Pensar a integração, portanto, na perspectiva que Dubet (2006, p.35) coloca, significa
pensar em duas dimensões sociológicas da questão que apresentam correspondência entre si,
quais sejam: a integração em termos sistêmicos e funcionais e a integração do indivíduo, sendo
que na segunda dimensão, constitui-se em um processo concebido como “a interiorização de
normas e valores comuns pelos indivíduos que compõem a sociedade”.

A Normatividade Social e a escola na contemporaneidade: espaço de construção de


saberes e de integração ou de seleção social?
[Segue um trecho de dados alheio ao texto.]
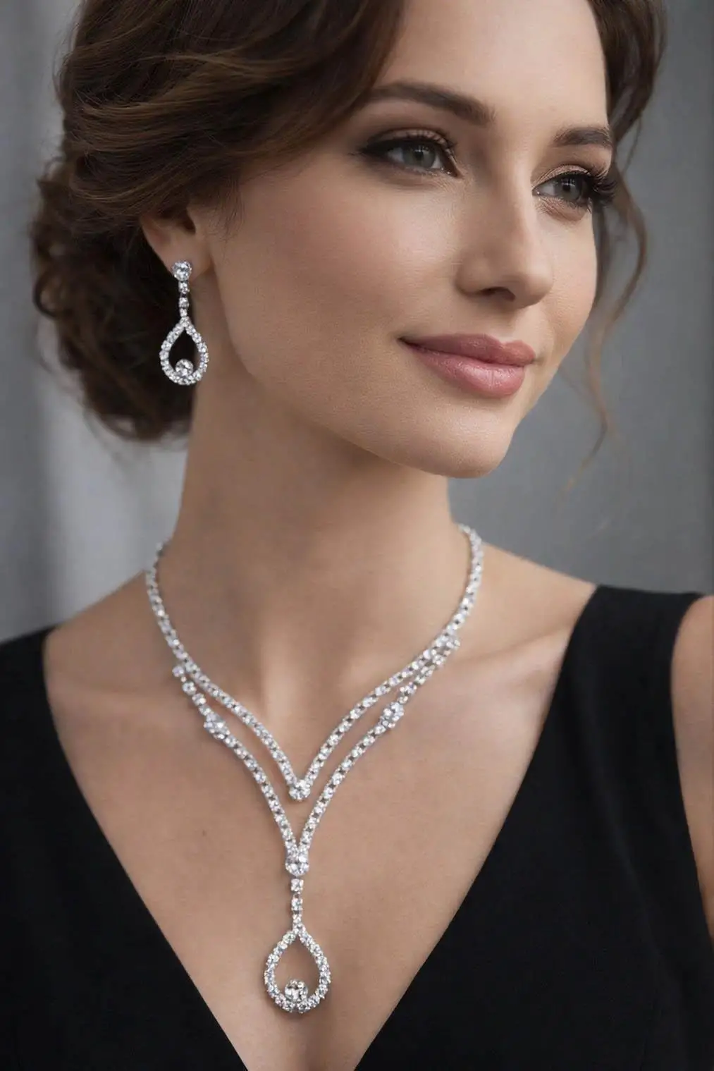 Gümüş Renk Taş Detaylı Abiye Set

Para nos auxiliar na reflexão teórica sobre a normatividade social, recorremos às


análises de Michel Foucault, especialmente quando fala da disciplina como sendo a base
substancial das relações que se estabelecem no âmbito escolar e que envolvem tanto o corpo
diretivo – diretores, vice-diretores, coordenadores -, como professores e alunos.
Na concepção de Foucault (2014), o poder não existe de forma centralizada, única, mas
sim sob a forma de relações que se constituem e se estabelecem no contexto social, sendo,
portanto inerente e introjetado em toda a estrutura social por meio de uma série de dispositivos
interconectados. Nessa perspectiva, para Foucault não existe o poder e sim relações de poder,
numa clara alusão de que poder não é o que se tem, mas o que se exerce.
A escola, na perspectiva que coloca Foucault, assemelha-se ao ambiente das prisões,
seja do ponto de vista da sua estrutura ou da sua organização hierarquizada, dos seus
mecanismos disciplinadores ou vigilância permanente.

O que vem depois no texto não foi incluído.